***** Data listing *****
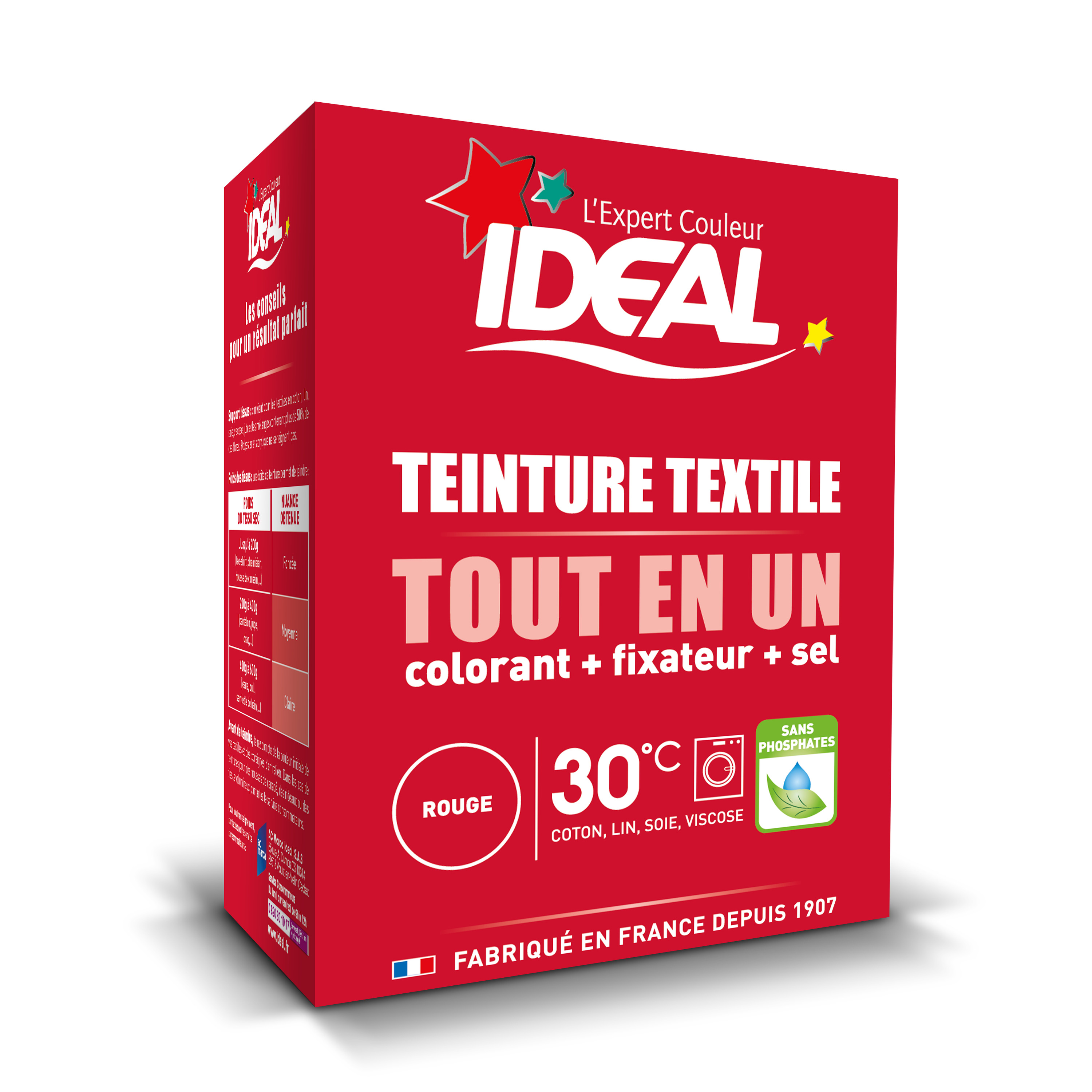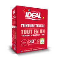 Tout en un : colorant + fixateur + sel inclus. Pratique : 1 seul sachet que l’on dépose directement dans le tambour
*****
***** Data listing *****
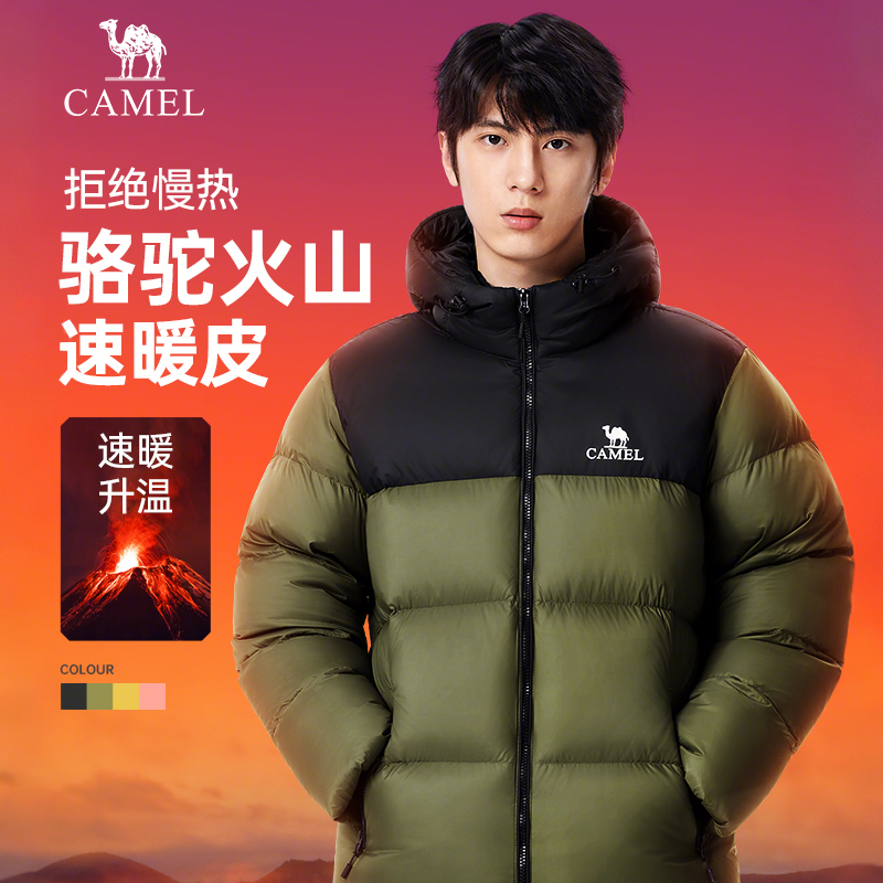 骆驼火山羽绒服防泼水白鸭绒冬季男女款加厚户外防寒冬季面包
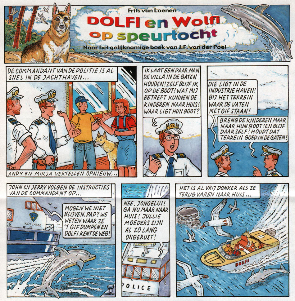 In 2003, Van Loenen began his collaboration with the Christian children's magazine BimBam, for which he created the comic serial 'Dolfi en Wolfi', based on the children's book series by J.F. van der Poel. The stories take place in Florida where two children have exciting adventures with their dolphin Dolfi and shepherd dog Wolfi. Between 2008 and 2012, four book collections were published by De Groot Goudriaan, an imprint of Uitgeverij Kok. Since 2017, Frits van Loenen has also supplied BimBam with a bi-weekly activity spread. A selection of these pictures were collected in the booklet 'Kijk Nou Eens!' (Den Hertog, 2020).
*****
◆ **What needs to be done**: All that should appear in the answer is the lines above from the line with "骆驼火山羽绒服防泼水白鸭绒冬季男女款加厚户外防寒冬季面包" through the line with "In 2003, Van", retyped exactly, pictures left out.

◆ **Response below**:
 骆驼火山羽绒服防泼水白鸭绒冬季男女款加厚户外防寒冬季面包
 In 2003, Van Loenen began his collaboration with the Christian children's magazine BimBam, for which he created the comic serial 'Dolfi en Wolfi', based on the children's book series by J.F. van der Poel. The stories take place in Florida where two children have exciting adventures with their dolphin Dolfi and shepherd dog Wolfi. Between 2008 and 2012, four book collections were published by De Groot Goudriaan, an imprint of Uitgeverij Kok. Since 2017, Frits van Loenen has also supplied BimBam with a bi-weekly activity spread. A selection of these pictures were collected in the booklet 'Kijk Nou Eens!' (Den Hertog, 2020).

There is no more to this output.